A broad question: is there any documentation or info anywhere about the synchronization guarantees when passing CUDA tensors through multiprocessing queues?
As a concrete example, imagine code like the following:
def run_function(q):
while(True):
x = q.get()
# Use x, break on some condition, etc.
def main():
ctx = mp.get_context("spawn")
q = ctx.SimpleQueue()
proc = ctx.Process(
target=run_function,
args=(q, ),
daemon=True,
)
proc.start()
x = torch.randn(..., device="cuda")
W = torch.randn(..., device="cuda")
for _ in range(50):
x = torch.matmul(W, x)
q.put(x)
proc.join()
What are the guarantees about the state of x when the child process picks it up out of the queue in run_function? Naively, it looks like it could be anything, as the GPU could have run any number of loop iterations by the time the CPU puts x – and the memory allocator could have happily reused pointers / buffers during that time.
Empirically, though, nothing runs in the child process until the parent process finishes its work (on the GPU) – is this guaranteed? How?
And follow-ups:
Does anything change with multiple devices?
What if we don’t put x itself in the queue but rather a python class that contains (possibly nested) references to Tensor objects?
I don’t know for sure, but, I suspect q.put() is serializing tensor data and sending it to the remote process. If so, this is a CPU-side thing, and before it can be done the tensor data must be requested from the GPU. This would implicitly synchronize the GPU work to the CPU on the source process before allowing the q.put.
(The opposite possibility, is that tensor data remains on GPU and the remote pytorch process just references the existing gpu data, and I don’t think it’s set up that way.)
You can confirm by doing a profile trace using the torch autograd profiler, and observing a call to cuda d2h memcopy happening before the q.put finishes
It’s not at all clear to me how the parent process D2H can overlap with the child process H2D, but I agree that explains the apparent synchronization.
This is a little at odds with the description given at Multiprocessing best practices — PyTorch 2.1 documentation, which makes it sound like CUDA tensors are shared directly. I’ll poke at the CUDA API calls going on as well with IPC handles.
The “overlap” could indicate the wait time (thus sync) of the HtoD call, which is launched after the DtoH code. It does not necessarily mean operations are executed, but could still block.

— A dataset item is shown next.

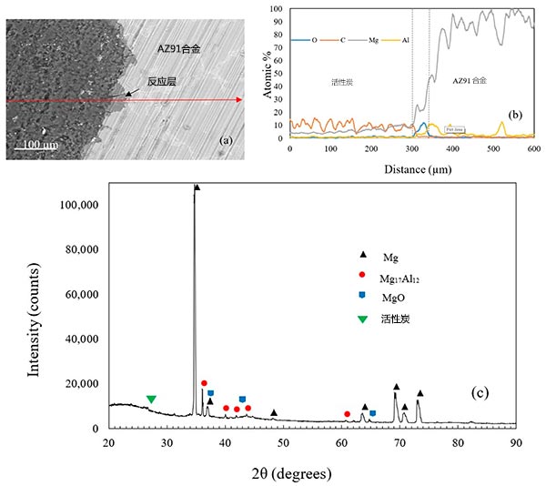 圖3.(a)AZ91基質(zhì)和活性炭之間界面的SEM圖像,(b)EDS線掃描,(c)活性炭復(fù)合泡沫的XRD圖。

So what I said before is partially true. The combined H2D and D2H appears to occur only when you need to move the tensor across two devices. (my_device in the child is different from the device of x_recv).
In the case of same-device, the tensor is transparently shared with the CUDA IPC mechanisms, but there appear to be some cudaStreamSynchronize()s that occur to guarantee some ordering. Still trying to make sense of the profiles.
# Testing indirection of tensors passed through a queue
class Box:
def __init__(self, x):
self.x = x
# Child process runs this
def run_fn(send_q, recv_q):
my_device = "cuda:0"
torch.cuda.set_device(my_device)
W1 = torch.randn(4096, 4096, device=my_device)
torch.cuda.synchronize()
send_q.put(0)
y_recv, box_recv = recv_q.get()
ret = torch.matmul(W1, box_recv.x) + y_recv
send_q.put(ret)
# Parent process
def main():
my_device = "cuda:0"
torch.cuda.set_device(my_device)
ctx = mp.get_context("spawn")
send_q = ctx.SimpleQueue()
recv_q = ctx.SimpleQueue()
proc = ctx.Process(
target=run_fn,
args=(recv_q, send_q),
daemon=True,
)
proc.start()
proc_ready = recv_q.get()
assert proc_ready == 0
W = torch.randn(4096, 4096, device=my_device)
X = torch.randn(4096, 4096, device=my_device)
y = torch.randn(4096, device=my_device)
torch.cuda.synchronize()
for _ in range(10):
X = torch.matmul(X, W)
box = Box(X)
send_q.put((y, box))
ret = recv_q.get()
print(ret.sum().item())
proc.join()
The resulting profile is kind of a mess, but it looks like the following occurs:
At the point where the parent put()s things into queue, it does a cudaEventRecord.
As soon as the child get()s things out of the queue, the first thing it does is to cudaStreamWaitEvent – presumably on the event created by the parent?
The child also does 2x cudaIpcOpenMemHandle to access the shared tensors
This all makes sense and explains the apparent synchronization between parent and child – there is an implicit stream synchronization and the enqueue / dequeue boundary.
Note that I cannot for the life of me find where the parent creates the IpcMemHandles, or how those handles get passed between processes. I’m just taking it on faith that it occurs somewhere.
I’m still not sure I have a robust mental model of sync guarantees for multiprocessing, but it does seem like things generally skew toward implicit safety.